Inutile de s’indigner contre de telles sottises. Inutile de dénoncer le vice d’un raisonnement qui, au lieu de partir de Platon et de justifier par Platon et la merveilleuse dialectique du Banquet ce qui semble heurter la morale courante, prend appui sur un préjugé de la bourgeoisie française pour limiter la portée de l’enseignement platonicien. Une seule riposte est souhaitable, et c’est Stendhal encore, un homme pourtant qu’on ne peut soupçonner de pactiser avec les mœurs réprouvées par le pion, c’est Stendhal qui porte par avance l’estocade à tous les faux dévots de la vertu. Il trouve absurde et indigne d’un esprit Indépendant que d’une part on admire l’art grec, en particulier les statues d’éphèbes et de sportifs, les Ganymède et les Antinoüs, et que d’autre part on condamne les mœurs grâce auxquelles les sculpteurs grecs ont pu réaliser des œuvres aussi palpitantes de vie et de beauté.

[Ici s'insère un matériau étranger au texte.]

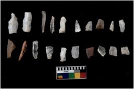 | Description / विवरण | There are n 20 Flake tool; There are multidirectional irregular scar pattern on them. few have blunt edges, Some of them are tapering at one end. |

Voici le moment d’essayer de donner, à la lumière de cet exemple, une définition plus juste de la vertu. La vertu, ce n’est pas le convenable. Ce n’est pas être vertueux, que de se conformer au pouvoir, à l’opinion, à aucune forme d’autorité. La vertu, c’est de l’énergie, mais pas forcément appliquée au crime. On peut écarter le paradoxe stendhalien tout en gardant le principe qui a porté Stendhal à le formuler. Car, pour être simplement honnête, il faut de l’énergie, il faut du courage. La faiblesse des vertueux, c’est qu’ils pensent rarement par eux-mêmes et se contentent d’obéir à l’opinion dominante. La vertu n’est pas toujours où la loge le préjugé. Le devoir de la virtù est de combattre les contrevérités proférées par la vertu. Zola réclamant justice pour le capitaine Dreyfus servait le même idéal qu’en écrivant Nana, objet de scandale pour les vertueux de la vertu. Ne proclamons vertueux, chevalier de la virtù, que celui qui met l’honnêteté intellectuelle au-dessus des conventions de son époque, au-dessus de toute prudence dictée par l’intérêt, la peur de déplaire ou le respect humain. Ainsi aurons-nous désarmé la boutade de Feydeau, lequel, quoiqu’il ne fût pas académicien, avait bien de l’esprit. Les femmes honnêtes; disait-il, respirent la vertu, mais elles sont tout de suite essoufflées.
L’honnêteté intellectuelle, non la moralité de coutume je crois que c’est la plus rare des vertus, la seule qui mérite ce nom, la seule pour laquelle il vaille la peine de batailler. Elle ne figure pas sur l’échelle de saint Jean Climaque, peinte sur le mur de Sucevita. Peut-être est-elle si difficile à pratiquer qu’on a épargné cette épreuve aux moines, de peur qu’aucun d’eux ne parvienne à la surmonter.